Саломыков покрикивает:
— Маковкин! Ты к теще на блины приехал?
— Чего, чего? — Маковкин сонно моргает на него белыми ресницами. — Какие блины?
— А такие, что сачкуешь!
— Никто не сачкует, — ворчит Маковкин и тянет пилу вверх. — Работаю как могу… Тоже мне… лезут все в начальники…
Еще когда мы плелись после обеда к трассе, я заметил, что Алеша Ахмедов очень бледен. Знаете, как бледнеют смуглые люди? Делаются желтовато-прозрачными. Алеша узкогруд и узколиц, густые черные волосы у него растут чуть ли не от бровей. Он вообще-то не Алеша, а Аллахверды, но для простоты произношения сделался Алешей. Он мне объяснил, что Аллахверды означает «Аллах дал», и я подумал, что правильнее было бы называть его Богданом, а не Алешей. Ну да ладно, не в имени дело, а в человеке. Аллахверды Ахмедов, призванный, как и я, в 1940 году, каким-то образом попал в Кронштадт, в нашу школу связи. Он по-русски говорил плохо, думали отчислить парня — куда-то в стройбат, — но своей исполнительностью и усердием Ахмедов расположил к себе начальство. Решили: пусть остается. Тем более что подготовка по специальности электрика-слаботочника — дело нехитрое, с ним справится и медведь средних способностей. А Алеша-Аллахверды-Богдан оказался пареньком не только усердным, но и смышленым. Я его помнил по школе связи.
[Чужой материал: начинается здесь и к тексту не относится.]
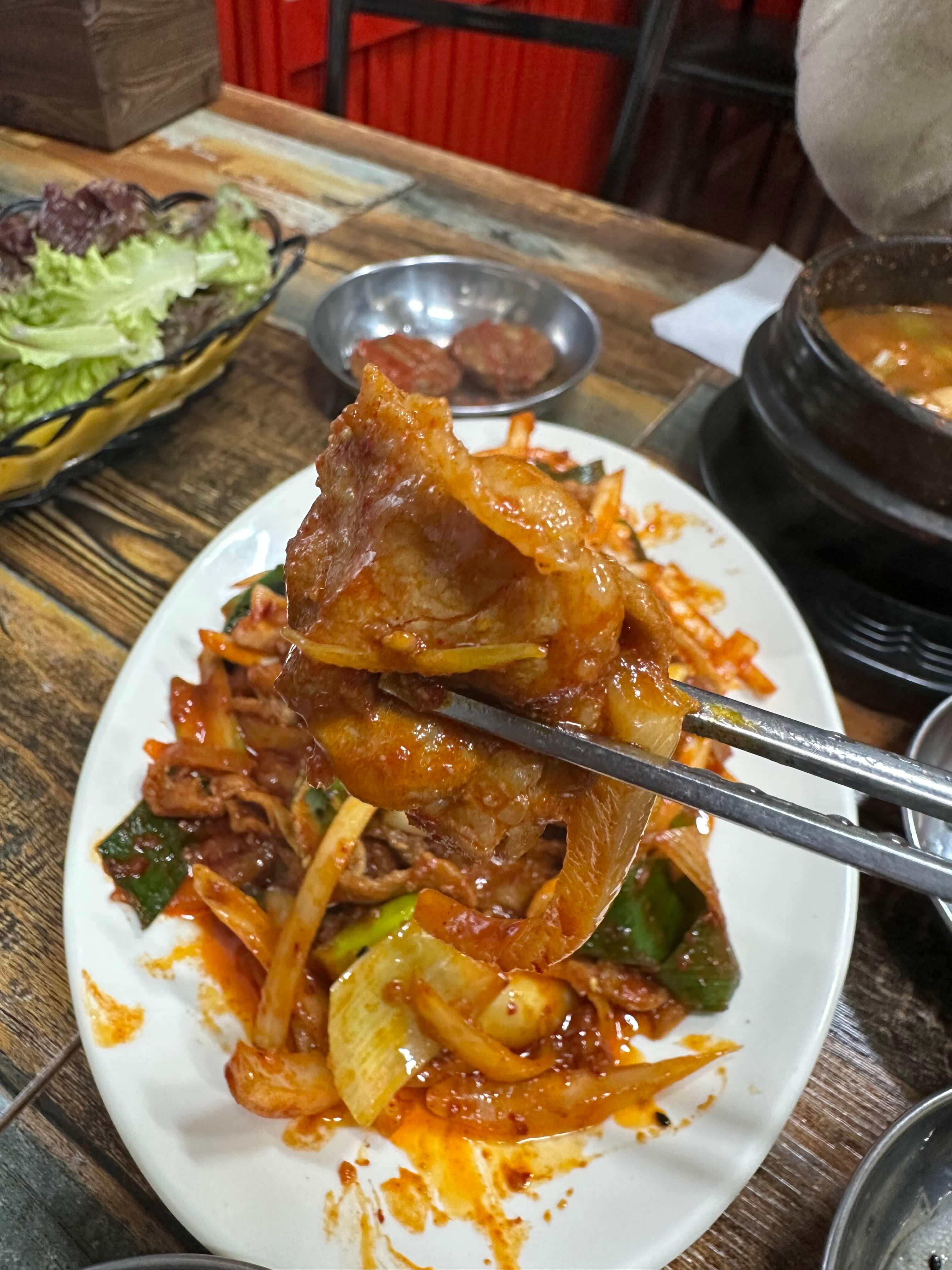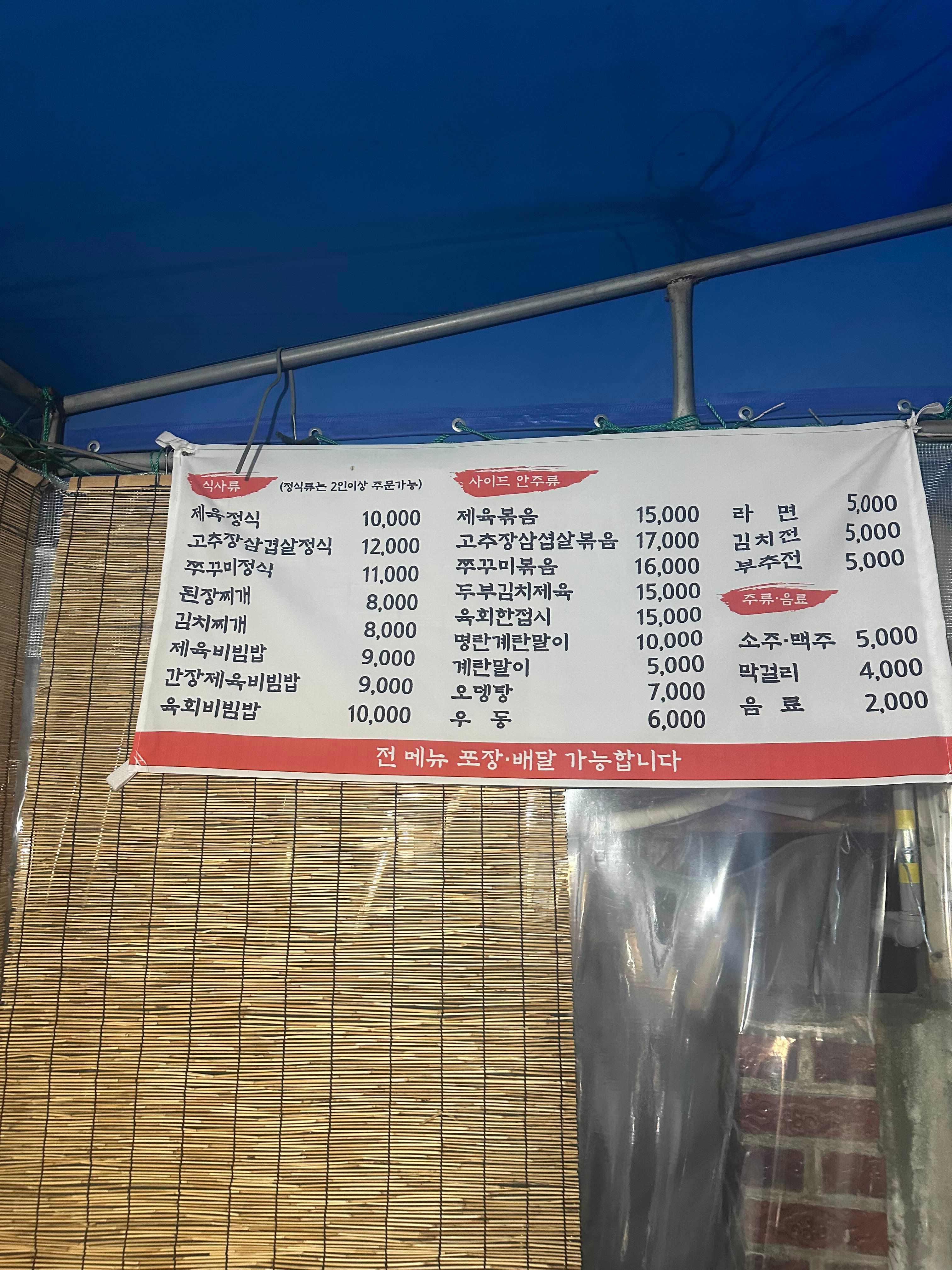 * 메뉴 : 제육볶음(2인이상), 쭈꾸미 정식, 된장찌개 등
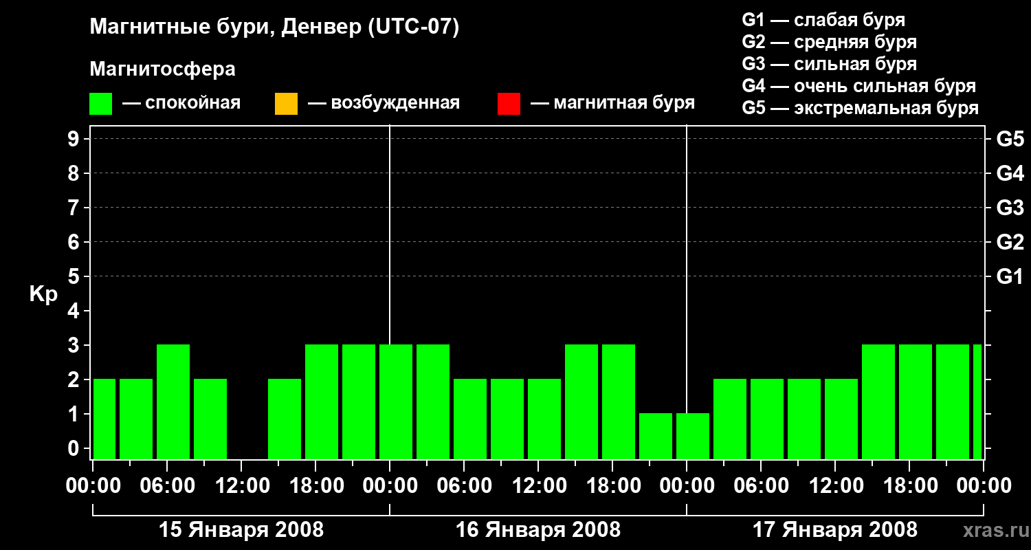 Изменения геомагнитного индекса Kp с 15 по 17 января 2008 года для средних широт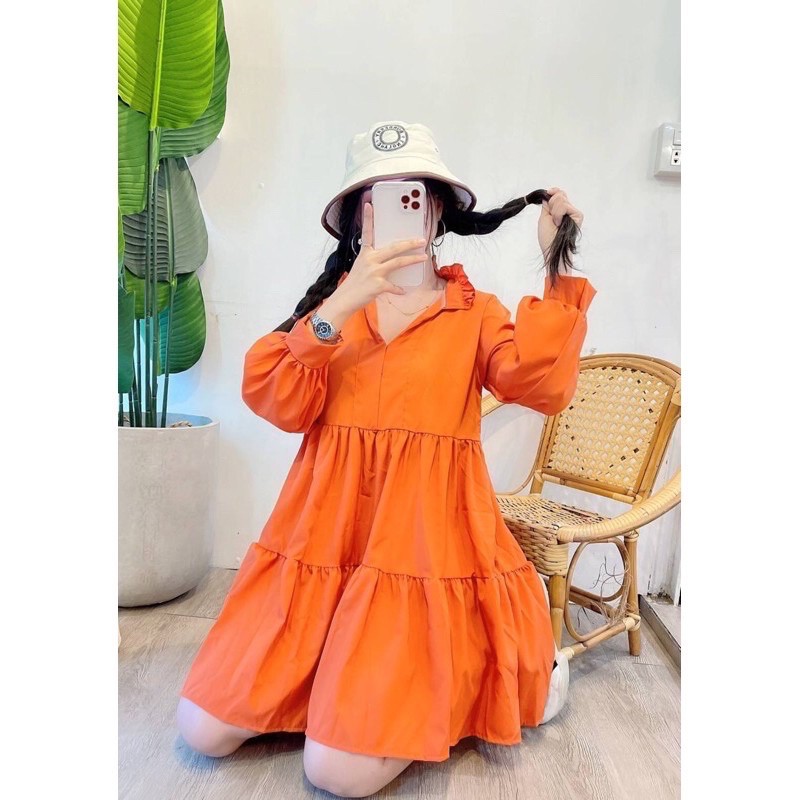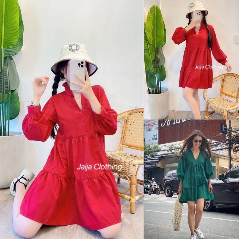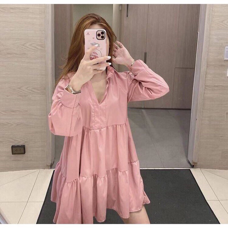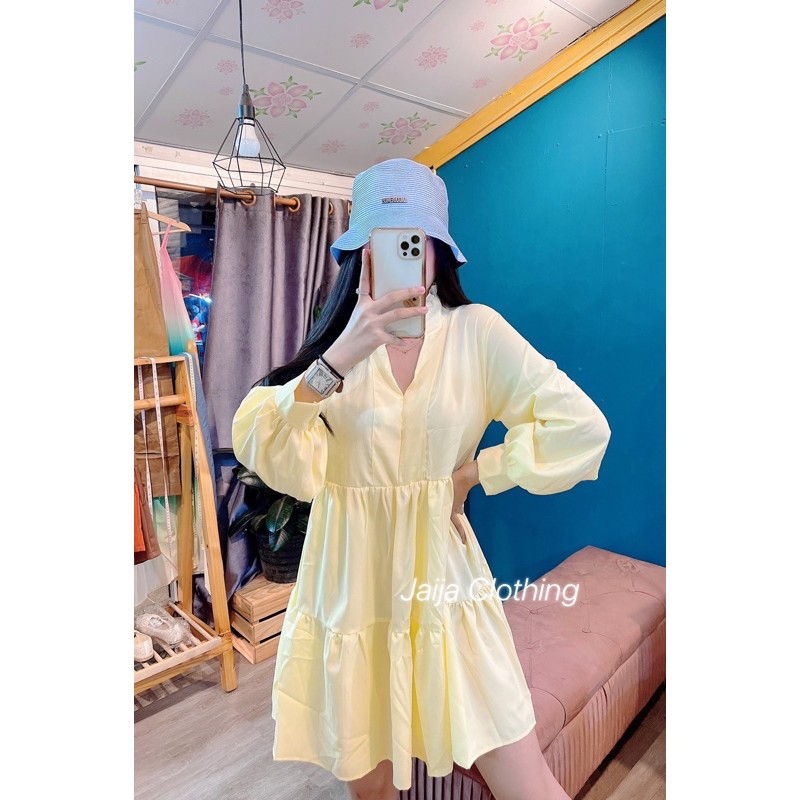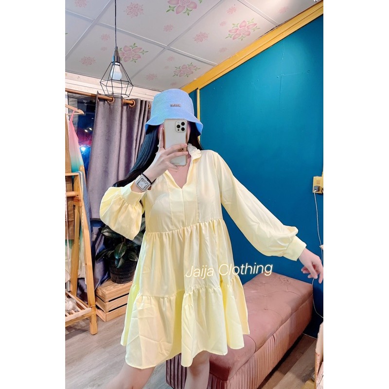 ซซ1537.1 Mini drees คุณแอนก็มาจ้า มินิเดรสน่ารักมากๆ ทรงคอจีนระบายคอ แขนยาวช่วงตัวเย็บชั้น ให้ดูมีอะไรเรียบหรูดู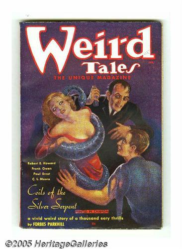 <B>Weird Tales (Pulp) Feb 1936 Canadian Edition (Popular Fiction, 1936) Condition: FN-.</B></I> Attractions like the Margaret Brundage Girl vs. Snake cover, a (reprinted) H. P. Lovecraft story, and a Robert E. Howard Conan the Barbarian serial chapter are normally nice enough, but for this pulp the excitement doesn't end there. This copy is in great condition, and even more interestingly, it's a Canadian variant. The bottom of the front cover notes "Printed in Canada," and, like Canadian-variant comics, the inside front and back covers are blank, instead of featuring the advertisements seen on the Stateside versions. The cover of this pulp is clean, bright, and glossy. The spine is tight and unfaded, with only a half-inch scuff near the bottom on the back edge. The pages are a fresh cream to off-white. Considering the smaller population of Canada, this variant is surely scarce, and this copy may well be the finest surviving example. The Ultimate Guide to the Pulps VG value = $60. <I>From the Collection of Chris Bell</B></I>.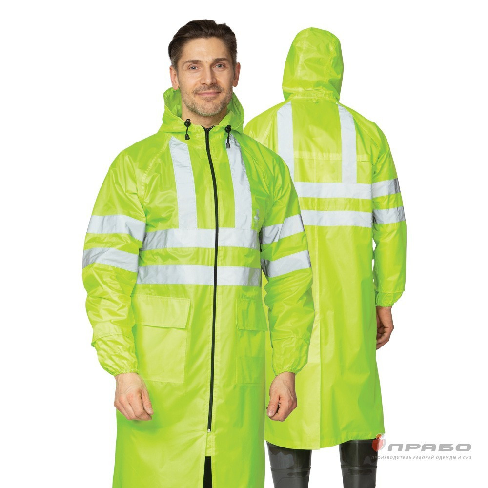 Плащ влагозащитный прямого силуэта, с рукавами реглан, с притачным капюшоном, с центральной застёжкой на молнию, с внутренней ветрозащитной планкой под молнию. Полочка с двумя нижними накладными карманами, с вентиляционными отверстиями в области подмышечных впадин, закреплёнными металлическими блочками. Спинка с кокеткой, по нижнему краю кокетки 2 вентиляционных отверстия со средним швом, переходящим в открытую шлицу, с вентиляционными отверстиями, в области подмышечных впадин, закрепленными металлическими блочками. Рукава реглан, одношовные, с внутренними манжетами на юбке, низ манжета на эластичной тесьме. Все швы проклеены специальной лентой, обеспечивающей герметичность изделия. На изделия нанесены светоотражающие полосы: по 2 полосы на рукавах, по 1 полосе на плечах и по 1 полосе на п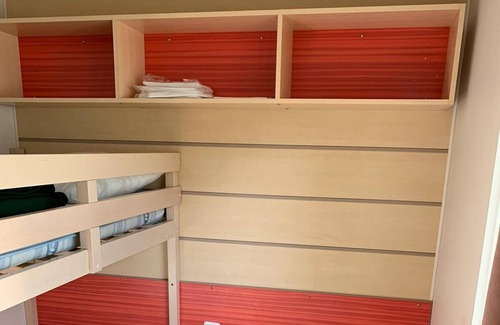 2 bedrooms, 1 with 1 double bed, the other with 1 single bed and 2 bunk beds.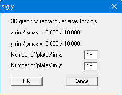 After leaving the dialog box by pressing "OK" you will at first see the same box as that described in "Evaluation/3D contours". The program calculates the state variables at the array points by linear interpolation of the results of the FEM analysis. You then see the dialog box for coloured contours preferences as described in "Evaluation/3D contours" and so on.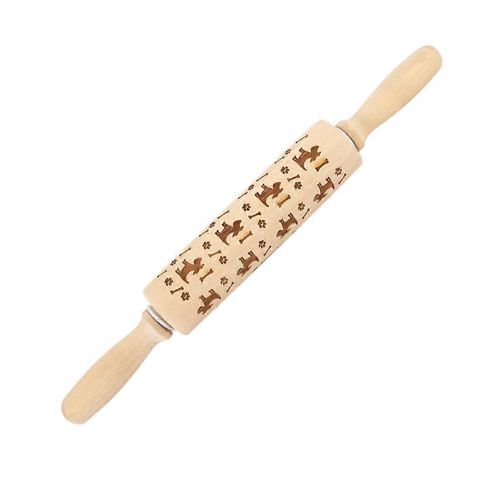 Natural Wooden Rolling Pin with Dog Design for Kneading Dough, Pastries, Noodles, Essential Home Kitchen Utensils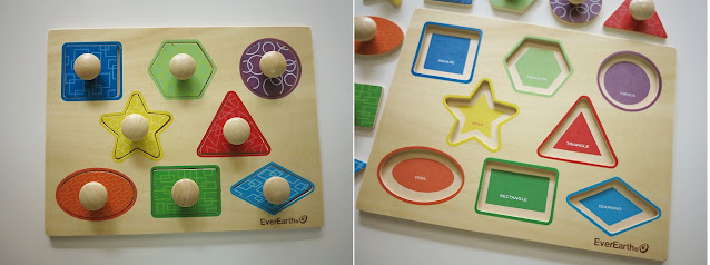 但是我有購買塑膠翻轉的幾何配對,好抓握,又可以拿在手上,就算孩子拿來丟我,也不像木頭那麼痛,一整個好心酸,但是撐過來了!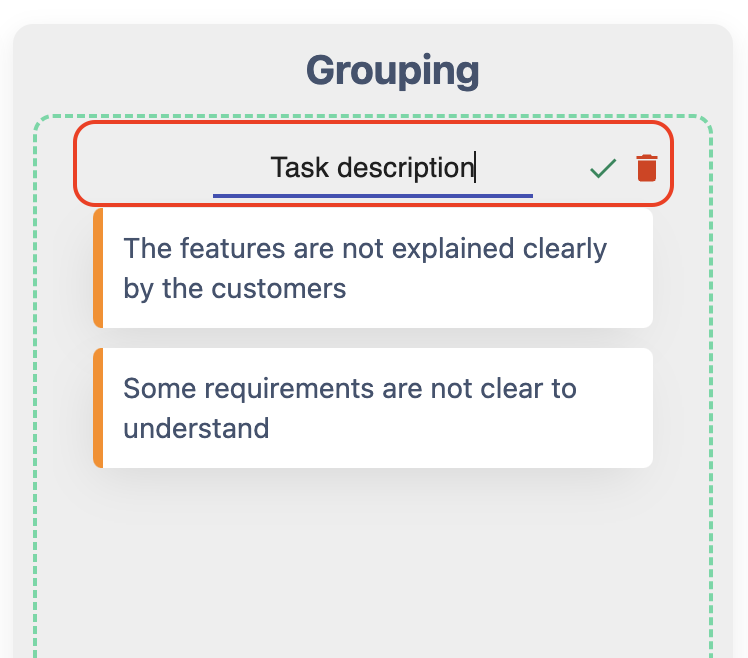The facilitator drag the cards which have the matched content to the Grouping column. ONLY the facilitator is allowed to do this stage, others can view the process.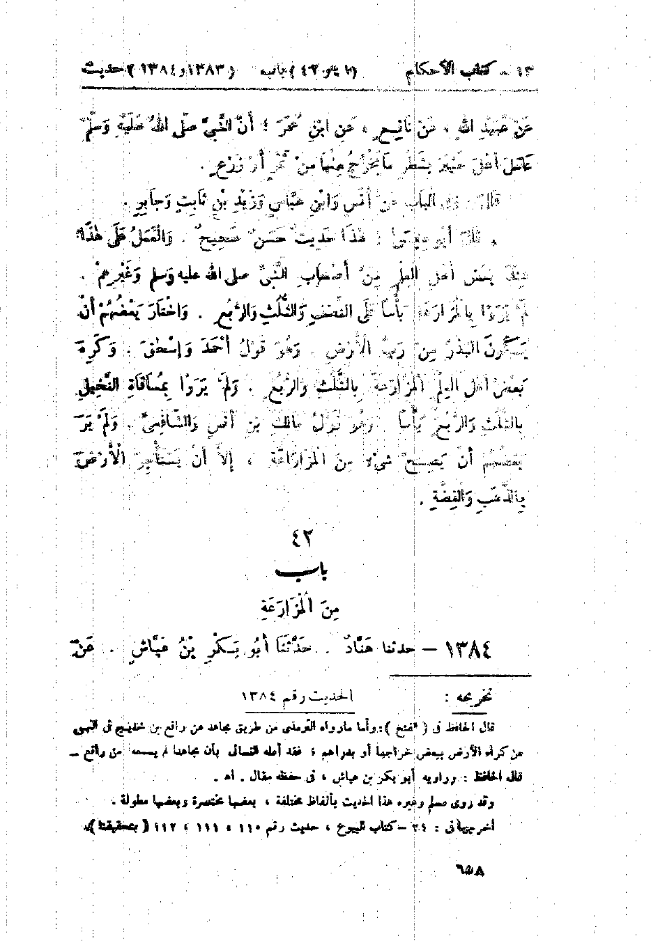 1383 - حَدَّثَنَا إِسْحَاقُ بْنُ مَنْصُورٍ قَالَ: أَخْبَرَنَا يَحْيَى بْنُ سَعِيدٍ، -[659]- عَنْ عُبَيْدِ اللَّهِ، عَنْ نَافِعٍ، عَنْ ابْنِ عُمَرَ، «أَنَّ النَّبِيَّ صَلَّى اللَّهُ عَلَيْهِ وَسَلَّمَ §عَامَلَ أَهْلَ خَيْبَرَ بِشَطْرِ مَا يَخْرُجُ مِنْهَا مِنْ ثَمَرٍ أَوْ زَرْعٍ» وَفِي البَابِ عَنْ أَنَسٍ، وَابْنِ عَبَّاسٍ، وَزَيْدِ بْنِ ثَابِتٍ، وَجَابِرٍ: هَذَا حَدِيثٌ حَسَنٌ صَحِيحٌ وَالعَمَلُ عَلَى هَذَا عِنْدَ بَعْضِ أَهْلِ العِلْمِ مِنْ أَصْحَابِ النَّبِيِّ صَلَّى اللَّهُ عَلَيْهِ وَسَلَّمَ، وَغَيْرِهِمْ: لَمْ يَرَوْا بِالمُزَارَعَةِ بَأْسًا عَلَى النِّصْفِ وَالثُّلُثِ وَالرُّبُعِ، وَاخْتَارَ بَعْضُهُمْ: أَنْ يَكُونَ البَذْرُ مِنْ رَبِّ الأَرْضِ، وَهُوَ قَوْلُ أَحْمَدَ، وَإِسْحَاقَ، وَكَرِهَ بَعْضُ أَهْلِ العِلْمِ المُزَارَعَةَ بِالثُّلُثِ وَالرُّبُعِ، وَلَمْ يَرَوْا بِمُسَاقَاةِ النَّخِيلِ بِالثُّلُثِ وَالرُّبُعِ بَأْسًا، وَهُوَ قَوْلُ مَالِكِ بْنِ أَنَسٍ، وَالشَّافِعِيِّ، وَلَمْ يَرَ بَعْضُهُمْ أَنْ يَصِحَّ شَيْءٌ مِنَ المُزَارَعَةِ إِلَّا أَنْ يَسْتَأْجِرَ الأَرْضَ بِالذَّهَبِ وَالفِضَّةِ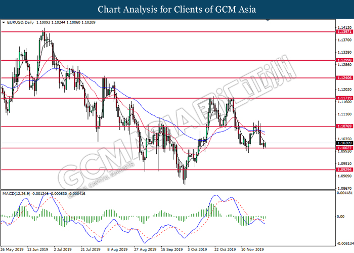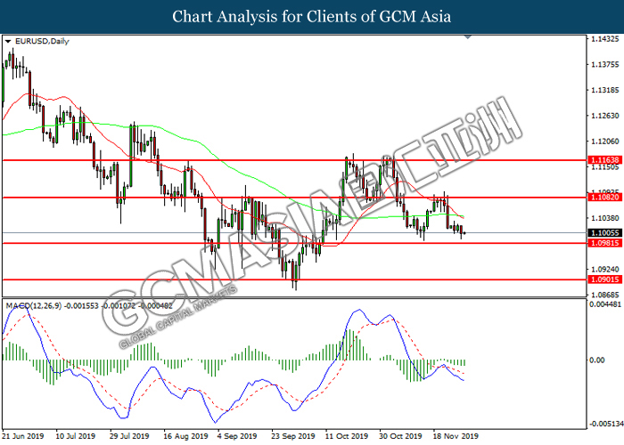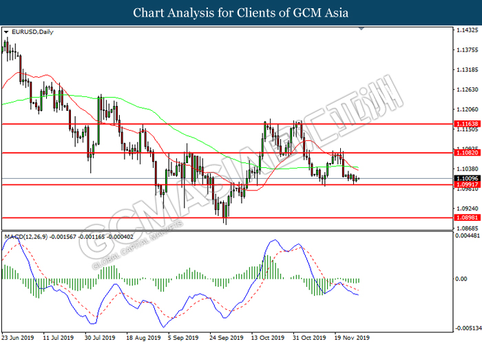 EURUSD, Daily: EURUSD was traded lower while currently testing the support level at 1.0990. However, MACD which illustrate diminishing bearish momentum suggest the pair to be traded higher in short-term as technical correction.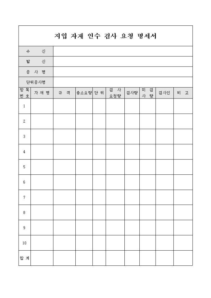 검사요청명세서(지입자재 인수)

Он был в другой роте, но раза два мы с ним вместе драили гальюн, а такое занятие, что ни говорите, очень сближает.
Да, так вот. Необычно бледен был Ахмедов, когда мы брели по льду к трассе. Я спросил: «Тебе худо, Алеша?» Он повел на меня карими глазами и сказал: «Нет… Зачем худо?» Потом мы начали пилить-рубить, и я забыл о нем.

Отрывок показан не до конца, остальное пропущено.